# Lake Jackson Florala



## jstblsd

Has anyone fished Lake Jackson in Florala lately? Any good reports? Thinking about going this weekend.


----------



## tips n tails

Havnt fished it in awhile, you still planning on getting over to talquin this year?


----------



## jstblsd

tips n tails said:


> Havnt fished it in awhile, you still planning on getting over to talquin this year?


Oh yeah! I'm trying to plan something next month. I wanted to go this month for the crappie but this crazy work schedule. I hope it won't be too late.


----------



## tips n tails

You taking the family? Ive been trying to get over that way as well, I'd love to catch some crappie


----------



## jstblsd

I just looked at my tournament schedule I might have to push it to May, I have two tournaments that month. If anything change where I won't go to one of the tournaments and we decide to go you are more than welcome to join. Its just gonna be me, a guy and his little boy.
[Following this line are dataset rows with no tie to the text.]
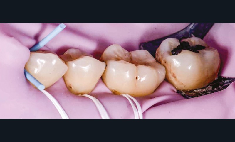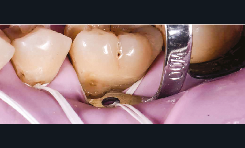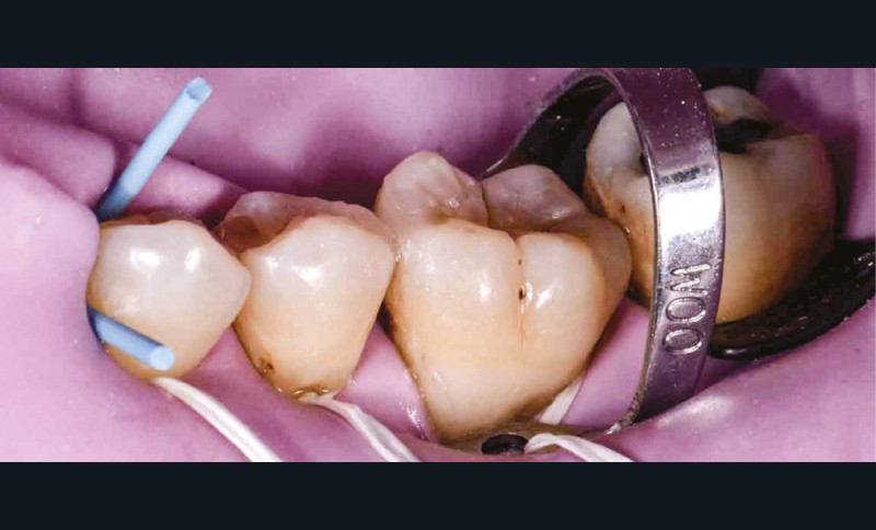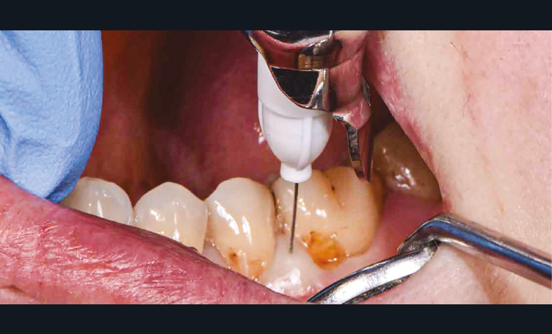 La première anesthésie se situe au niveau de la papille proximale entre 35 et 36. L’aiguille blanche de diamètre 0,30 mm et de longueur 16 mm est orientée de façon à avoir son repère légèrement décalé de la fenêtre du porte-aiguille (fig. 4). Ainsi, le biseau se pose à plat contre la muqueuse [1]. L’aiguille glisse doucement et de façon indolore dans la papille sur 2 mm et l’injection débute sans surpression sous contrôle électronique. Lorsque la papille montre une vasoconstriction suffisante, elle devient blanche et l’injection peut s’arrêter. La pièce à main s’oriente alors en direction de l’espace apical interdentaire avec un angle de 30 à 45° vestibulolingual (fig. 5). L’aiguille est mise en rotation pour pénétrer la corticale osseuse. Elle arrive ensuite dans la partie trabéculaire de l’os. Lorsque les deux tiers de l’aiguille sont sous la corticale, la rotation doit cesser et l’injection reprend avec une vitesse qui s’adapte électroniquement à la densité de l’os. Une demi-carpule d’articaïne 1/100 000 suffira à la restauration de ce secteur [2]. Le champ opératoire, le crampon, les ligatures sont placés (fig. 6) ; un crampon additionnel permet de descendre la ligature dans le sulcus de la 36 pour réaliser le soin vestibulaire (fig. 7). Les restaurations sont réalisées sans douleur (fig. 8) [3].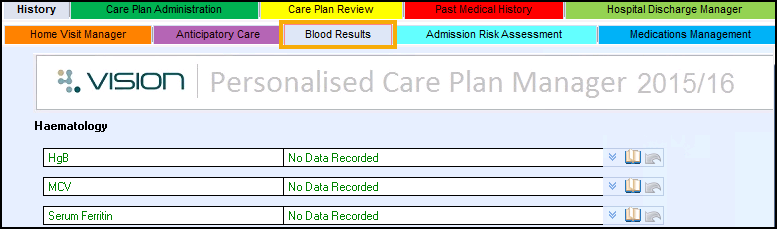 The Blood Results tab is pre-populated with the patient's latest blood results and is categorised to help clinicians manage the patient's care. To view previous results click the Previous entries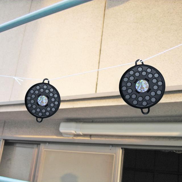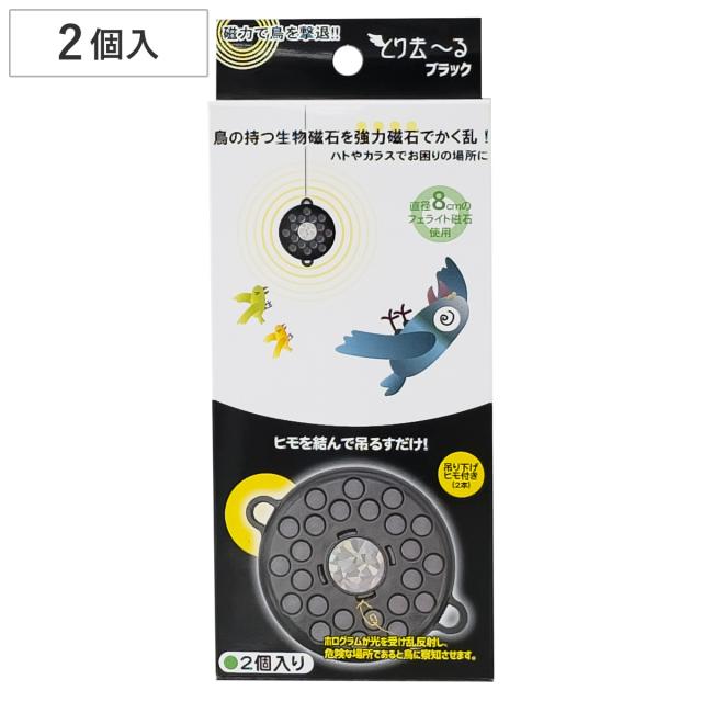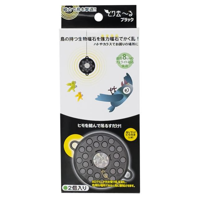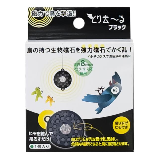 強力磁石で鳥を追い払う「とり去〜る」です。ハトやカラスでお困りの場所に吊るすだけで害鳥を寄せつけません。
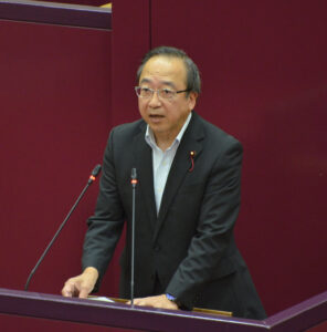 日本共産党の中山郁美市議は、2025年9月3日に福岡市議会の議案質疑に立ち、8月の豪雨により発生した東区香椎川周辺での洪水被害をめぐって高島市長がSNSで誤った発信をした問題についてただしました。また、学校給食費無償化にともなってアレルギーで給食を食べられない子どもの世帯にのみ給食費相当額が給付されることについて、不登校や宗教上の理由で給食を食べられない子どもの世帯にも給付するよう求めました。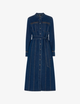 Short-Sleeve Denim Midi Dress- Discount price:$107.00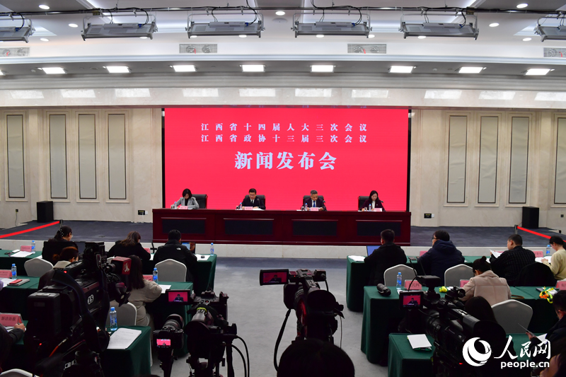 江西省十四屆人大三次會議、江西省政協十三屆三次會議新聞發布會在南昌召開。人民網記者 時雨攝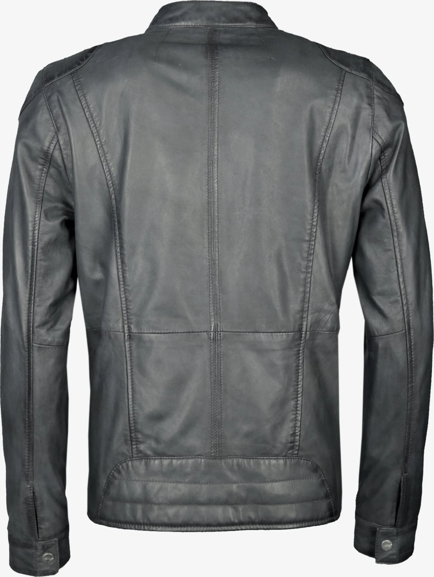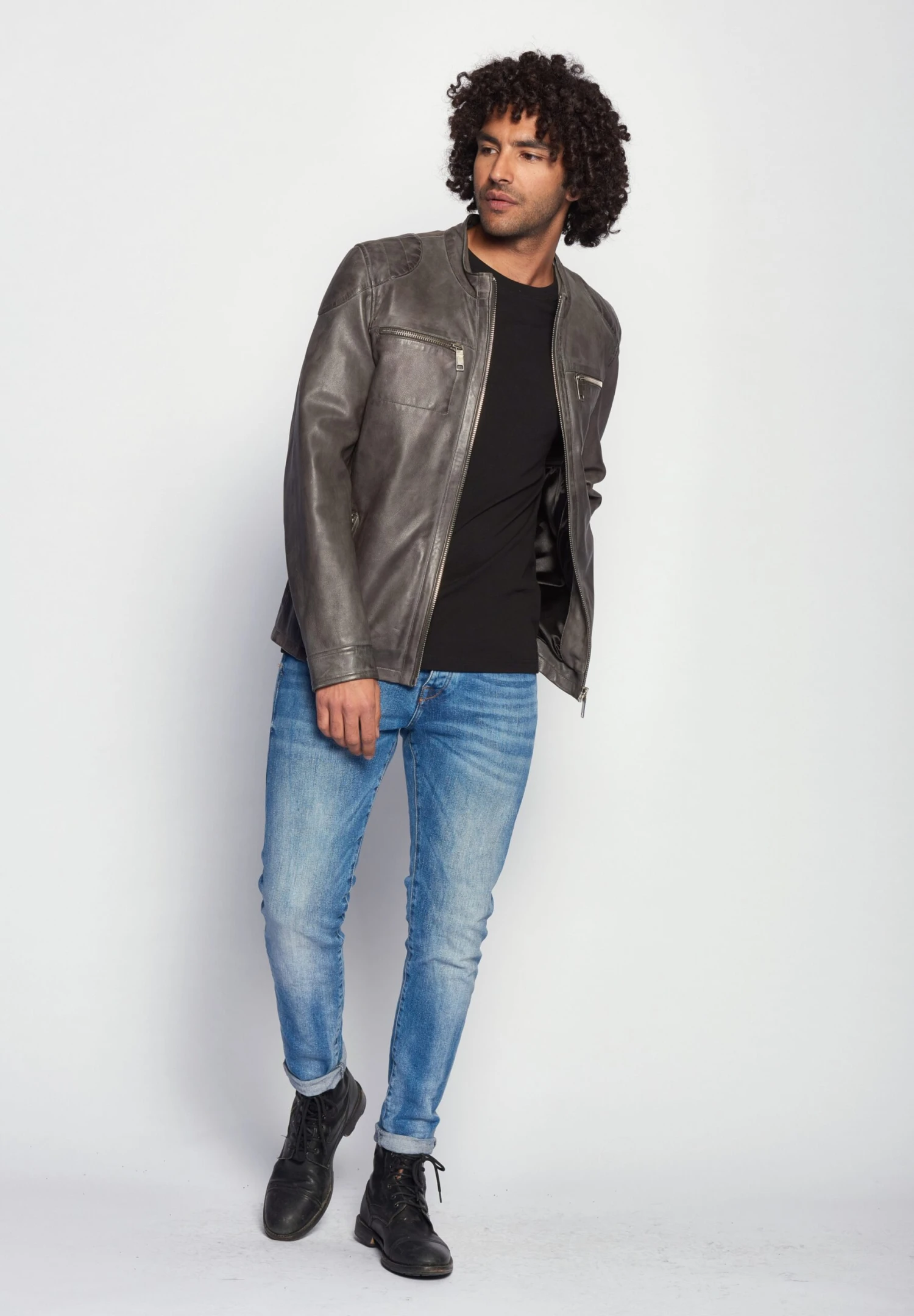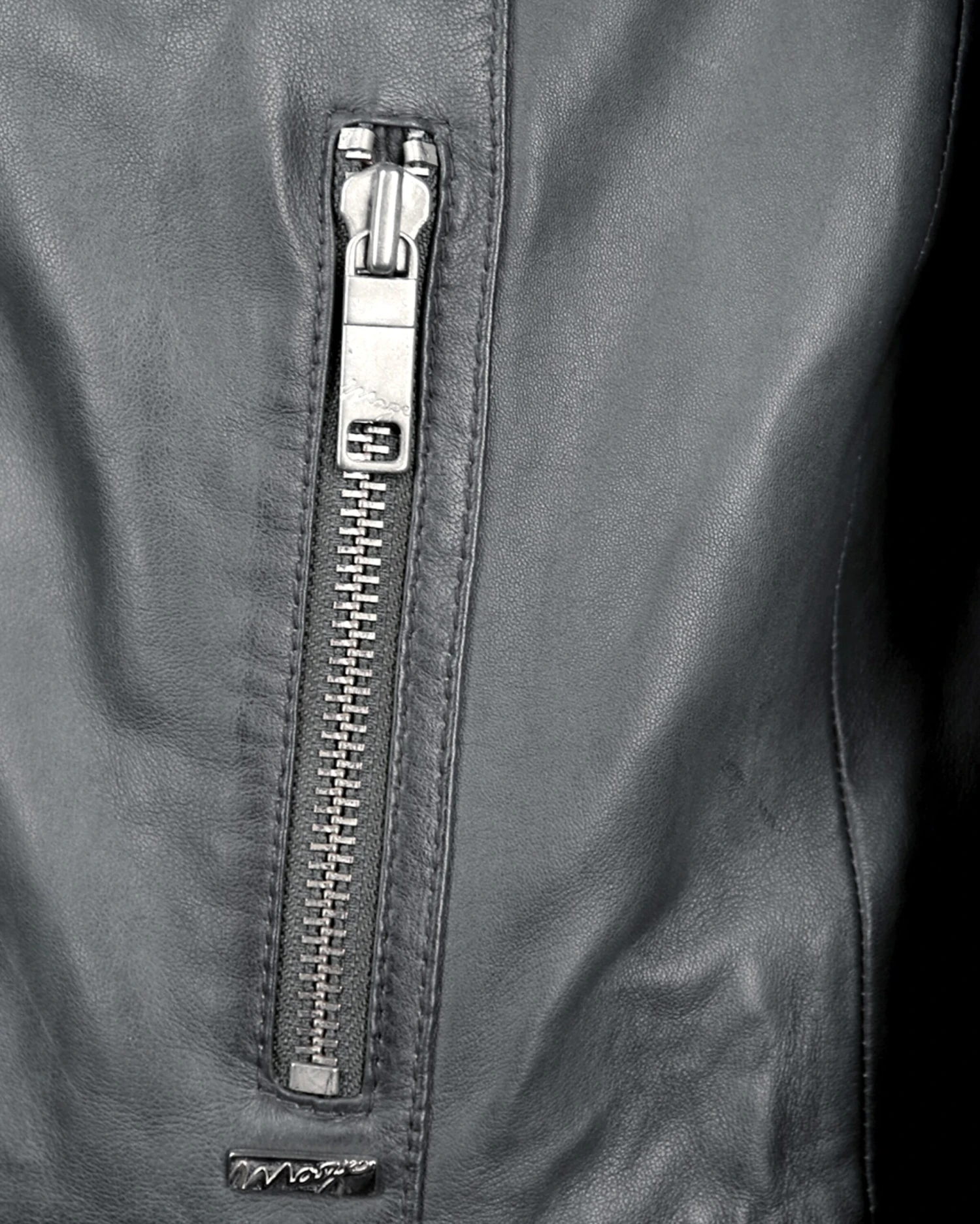 EffenLeerBikerjackRitssluitingRecht modelStaande kraagBorstzakRits zakZakken aan de zijkantKnop sluitingStudsStikselsOp staal nadenNappaleerLamsleerLicht gevoerdRitssluiting

We plan on doing an overnight stay.


----------



## SLICK75

May let you know tomorrow, thinking about taking the boys up there in the morning.
I got mixed emotions, Im afraid its going to be full of ski-boats and waver runners but its close to home. Anybody know when AL does their Spring Break?

Thats actually why I popped in tonight. Trying to come up with somewhere else to go, any ideas between Choctawhatchee and Blackwater?


----------



## tips n tails

SLICK75 said:


> May let you know tomorrow, thinking about taking the boys up there in the morning.
> I got mixed emotions, Im afraid its going to be full of ski-boats and waver runners but its close to home. Anybody know when AL does their Spring Break?
> 
> Thats actually why I popped in tonight. Trying to come up with somewhere else to go, any ideas between Choctawhatchee and Blackwater?


I would head to yellow river over Blackwater a lot less boat traffic I prefer YR over BW always do better whether it be bass or bream


----------



## SLICK75

tips n tails said:


> I would head to yellow river over Blackwater a lot less boat traffic I prefer YR over BW always do better whether it be bass or bream


Its funny you mention that, me and my oldest was just going over where he wanted to go and hes put in for Blackwater. Actually, his words were "Anywhere but Jackson."

Its looking like we are heading for Milton and putting in on 90 then heading south. Ive lived here all my life and I I have only been on BW once, a couple years ago, so its a nice change of scenery.

All this has brought up some dumb questions... Ive always wanted to hit the area around the interstate so we are heading that way so....

1. Is there any boat ramps besides Baghdad? We drove down there for a look-see the last time we were on BW and I wasnt crazy about the ramp area- what little bit there was. I looked on Google Earth and couldnt find anything that jumped out as a public boat ramp.
2. Where does BW River end and BW Bay start? Is there a certain point that I have to stay above to fish on a freshwater license? I dont generally do saltwater and I dont even know whether or not I need a saltwater license for fishing the bays.

We went up from Milton the last time we went but I just couldnt get in the groove that day, wound up spending the day riding more than fishing.


----------



## screwballl

The rivers are usually decent. Otherwise there is always Hurricane Lake in north Okaloosa Cty.


----------



## FishWalton

If it's not too far you guys might consider coming over to DeFuniak and try Juniper Lake. A friend hit the shellcrackers on bed a couple pof weeks ago and moped up. they are off the bed now. Bass fishing should be good but I don't have any reports and I'm just starting to fish the lake myself. It's in my back yard but for whatever reason never paid much attention to it as I prefer the river. 
There are two ramps on the lake and bank fishing near the dam and on Cat Island.


----------



## jstblsd

I've been to Juniper a couple of times but it's been some years. I caught my first big bass out of there in a tournament 6lbs. I just told my wife we need to hit it again. I might make a trip down that way in a couple of weeks.


----------



## FishWalton

Went out to Juniper about an hour ago to check the wind. It's blowing good out of the east. too rough for open water with all the snags. Only 2 rigs at the dam and 1 on cat island. Same conditions yesterday but wind diminished abut 5pm. May go out a little later and fish until dark although "east is least and west is best". Cool pretty day too good to stay at the house.


----------



## FishWalton

Good number of boats on Juniper late this afternoon maybe 6 or 7. Several bank anglers near the dam. Caught 2 small bass. One on a charturse curly tail and one on a bomber. Saw a lot of fish on the sonar. Most of the fish were on bottom or maybe a foot or 2 up in 10 to 15 ft water. In 6 to 8 ft water it was about the same. 
Wind was up but not all that bad. Calmed down about 5:30.


----------